▶ _WHAT THE TASK REQUIRES_
Copy out exactly the stretch below, from the line with "MEN’S OVER 30 SOCCER" through the line with "A cute typographical", both included; the pictures stay out.

▶ _INPUT MATERIAL_
^^^^^^^^^^^^^^^^
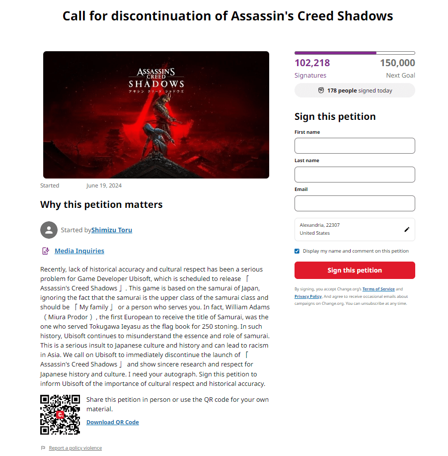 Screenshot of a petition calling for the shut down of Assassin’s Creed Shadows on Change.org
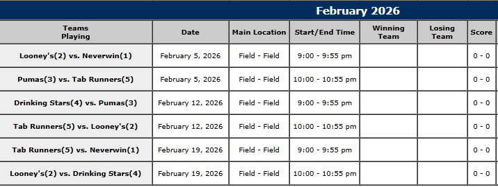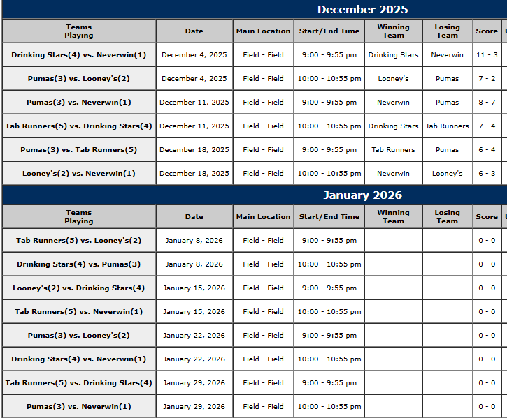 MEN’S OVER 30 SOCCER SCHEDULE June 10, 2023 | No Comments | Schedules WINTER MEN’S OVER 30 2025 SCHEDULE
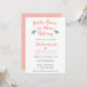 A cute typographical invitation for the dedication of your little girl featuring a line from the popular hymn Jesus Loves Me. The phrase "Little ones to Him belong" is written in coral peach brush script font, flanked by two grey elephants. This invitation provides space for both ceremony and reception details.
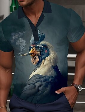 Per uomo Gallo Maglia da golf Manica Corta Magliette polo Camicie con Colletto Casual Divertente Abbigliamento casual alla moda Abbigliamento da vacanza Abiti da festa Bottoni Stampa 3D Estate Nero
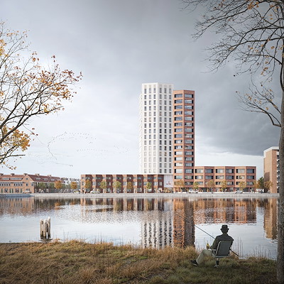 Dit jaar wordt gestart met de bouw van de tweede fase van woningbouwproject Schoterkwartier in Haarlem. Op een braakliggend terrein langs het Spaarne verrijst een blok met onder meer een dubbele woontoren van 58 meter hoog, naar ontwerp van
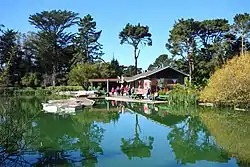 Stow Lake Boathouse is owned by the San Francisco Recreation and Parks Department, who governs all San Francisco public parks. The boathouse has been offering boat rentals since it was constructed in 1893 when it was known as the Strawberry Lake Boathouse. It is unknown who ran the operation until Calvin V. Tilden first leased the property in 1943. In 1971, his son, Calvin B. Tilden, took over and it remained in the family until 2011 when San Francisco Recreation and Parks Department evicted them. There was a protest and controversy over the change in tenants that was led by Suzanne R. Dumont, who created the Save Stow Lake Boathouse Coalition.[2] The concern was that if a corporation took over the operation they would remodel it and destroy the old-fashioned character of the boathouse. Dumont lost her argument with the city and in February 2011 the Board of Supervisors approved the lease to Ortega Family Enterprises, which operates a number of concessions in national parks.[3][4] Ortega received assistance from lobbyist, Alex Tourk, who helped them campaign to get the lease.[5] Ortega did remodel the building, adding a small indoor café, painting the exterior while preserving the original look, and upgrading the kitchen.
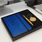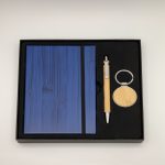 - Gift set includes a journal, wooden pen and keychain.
^^^^^^^^^^^^^^^^
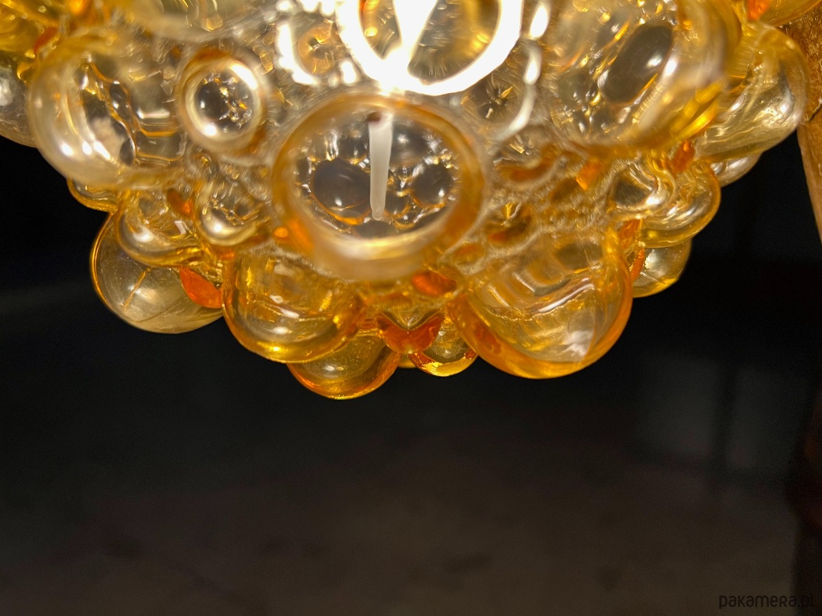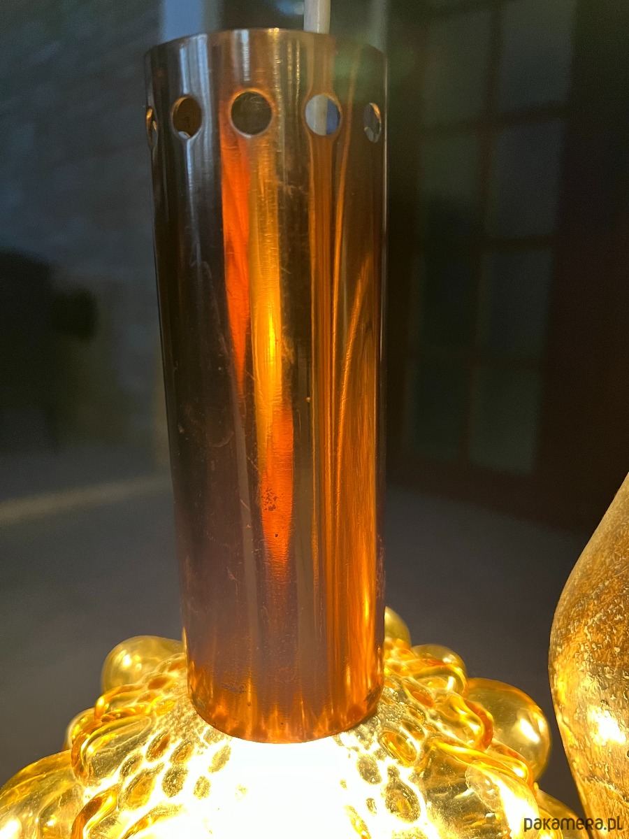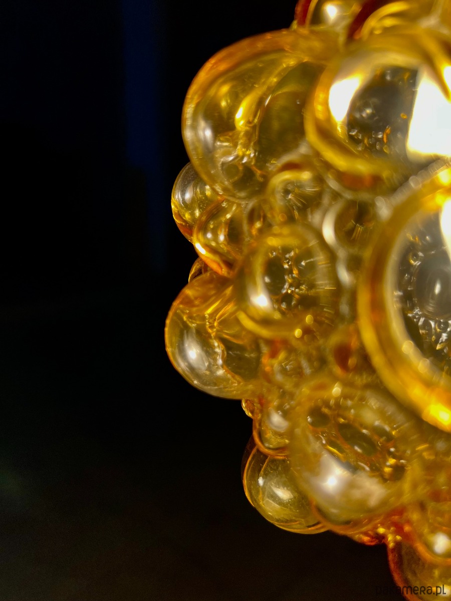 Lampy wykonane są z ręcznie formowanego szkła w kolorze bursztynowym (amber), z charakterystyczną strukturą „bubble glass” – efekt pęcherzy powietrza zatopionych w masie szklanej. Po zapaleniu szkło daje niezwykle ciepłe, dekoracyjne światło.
^^^^^^^^^^^^^^^^
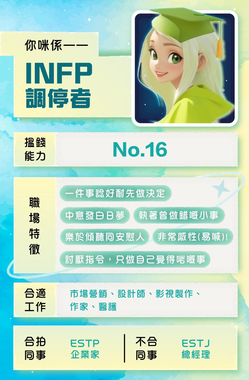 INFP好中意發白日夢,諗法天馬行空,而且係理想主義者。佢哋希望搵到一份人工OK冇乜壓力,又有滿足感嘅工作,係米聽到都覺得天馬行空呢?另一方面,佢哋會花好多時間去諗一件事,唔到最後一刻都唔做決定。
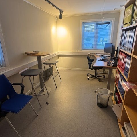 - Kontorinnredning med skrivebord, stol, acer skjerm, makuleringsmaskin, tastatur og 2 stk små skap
^^^^^^^^^^^^^^^^
▶ _EXPECTED OUTPUT_
 MEN’S OVER 30 SOCCER SCHEDULE June 10, 2023 | No Comments | Schedules WINTER MEN’S OVER 30 2025 SCHEDULE
 A cute typographical invitation for the dedication of your little girl featuring a line from the popular hymn Jesus Loves Me. The phrase "Little ones to Him belong" is written in coral peach brush script font, flanked by two grey elephants. This invitation provides space for both ceremony and reception details.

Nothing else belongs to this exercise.